Actually that's just with the DistanceQueryBuilder that needs the precision
boolean (wheither to do just a bounding box or also filter on radius),
 the original name of the project was locallucene, to me local and spatial
are 2 completely different things.

- Local is a search from point x within y miles. (hence the radius filter)
- Spatial on the other hand is well everything else.

I have yet to update the repository with that code, but a working example of
what I see spatial as is
http://www.knowledgenowsystems.com/polySpatialSolrUI/
The polygon tool works better than the line tool, you have to double click
the link to get it to kick off a search.

But essentially it's capable of taking almost arbitrary shapes and just
doing convex hull searching or line string searching.
Future work would include sorting based upon proximity to a point, so you
don't just get a bag of results back, you can say starting at point x give
me all the closest
ones along this line or within this shape (trajectory sort? in my mind),
then an edge proximity search would be closest to this line / vertex.

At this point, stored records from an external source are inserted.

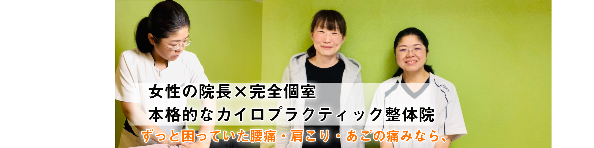 安心できるからが、最大の理由です。整体や、カイロの施術者は、まだまだ、男性が圧倒的に多いですが、 柏の町で、女性の顎関節の痛みや、腰痛、肩こりなどで、お困りの人の役にたちたくて、柏の町に柏カイロプラクティック整体院をオープンしました。
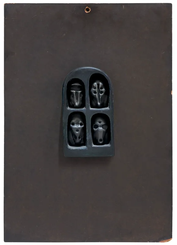 W zbiorach muzealnych znajduje się także kilka metalowych reliefów korespondujących kompozycyjnie z równocześnie wykonywanymi w latach 60. rysunkami. Prace te przedstawiają ukazane w układzie en face uproszczone twarze, których elementy składowe – oczy, usta i nos, podlegają zwielokrotnieniu.
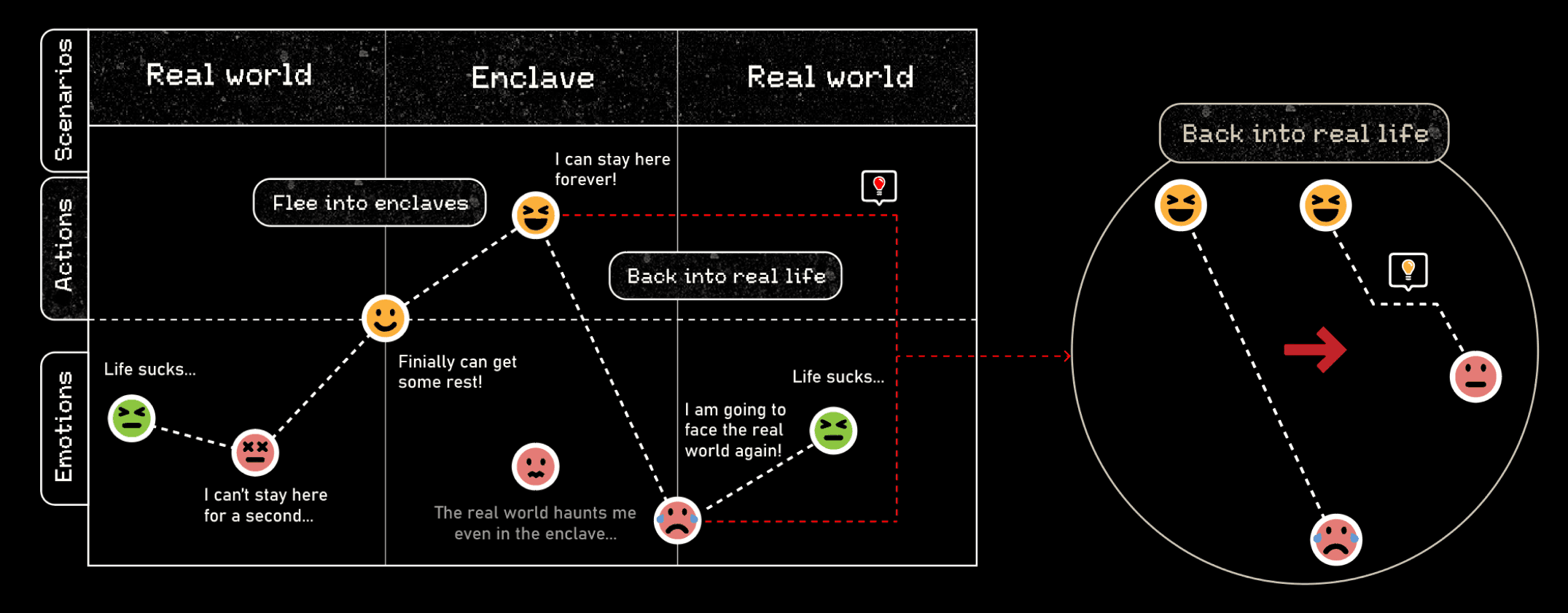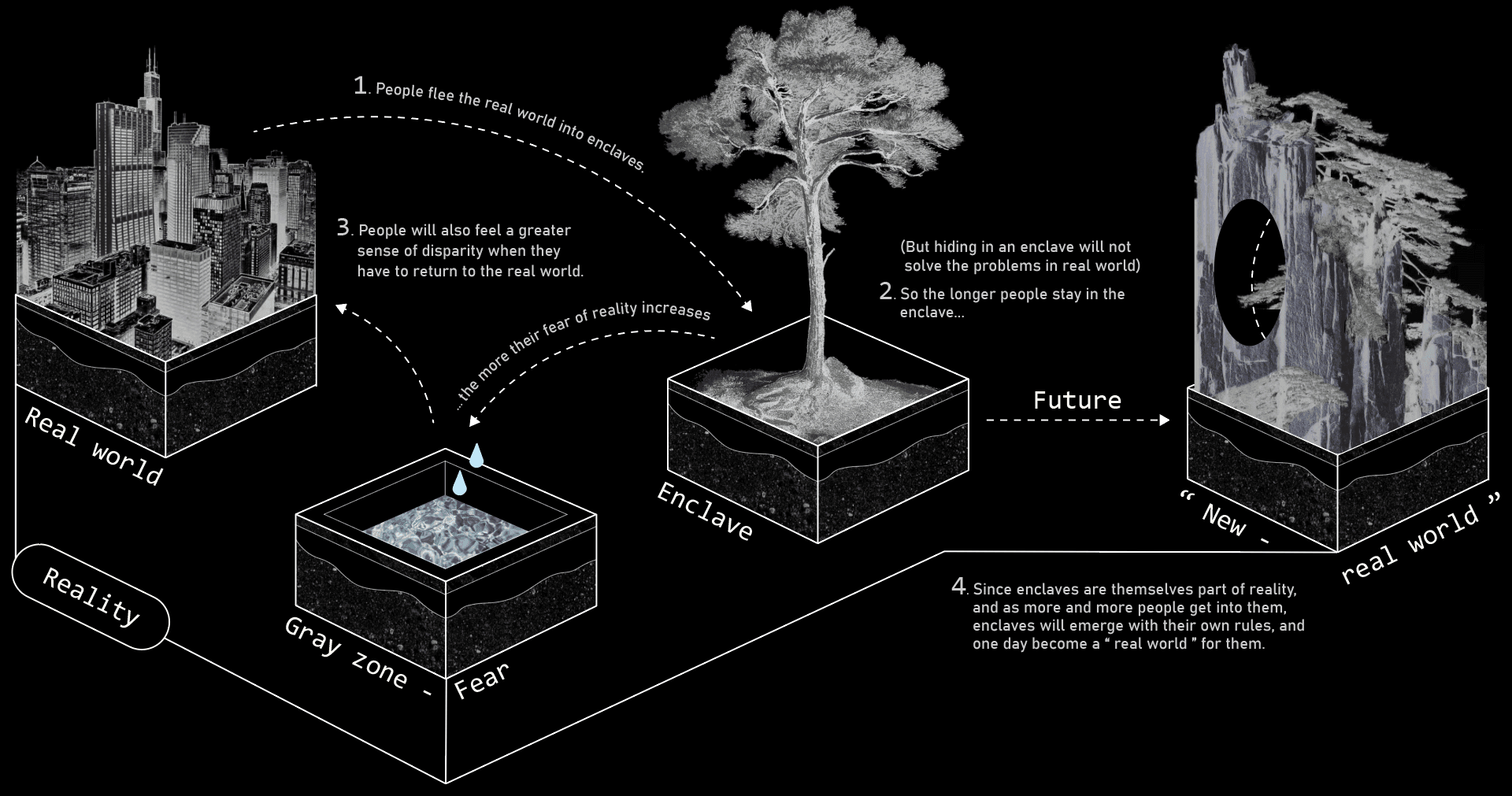 Many of the problems from the real world cannot be solved and fears cannot be dispelled in the enclaves. I wanted to provide some sort of buffer when returning from the enclave to reality, or at least a chance for the fear of the unknown to be perceived.

After that I think determining sub-shapes, where your search vertexes cross
each other, determine the point of intersection and create smaller shapes
from the pieces around it.
There's a whole bunch more i plan on getting in there.

Including a new SRID based on beer mat diagrams with Ryan on having a
prefixed id, that doesn't require additional fields, and can stop descending
once a shape
has been fully enveloped, reducing the number of terms within an index.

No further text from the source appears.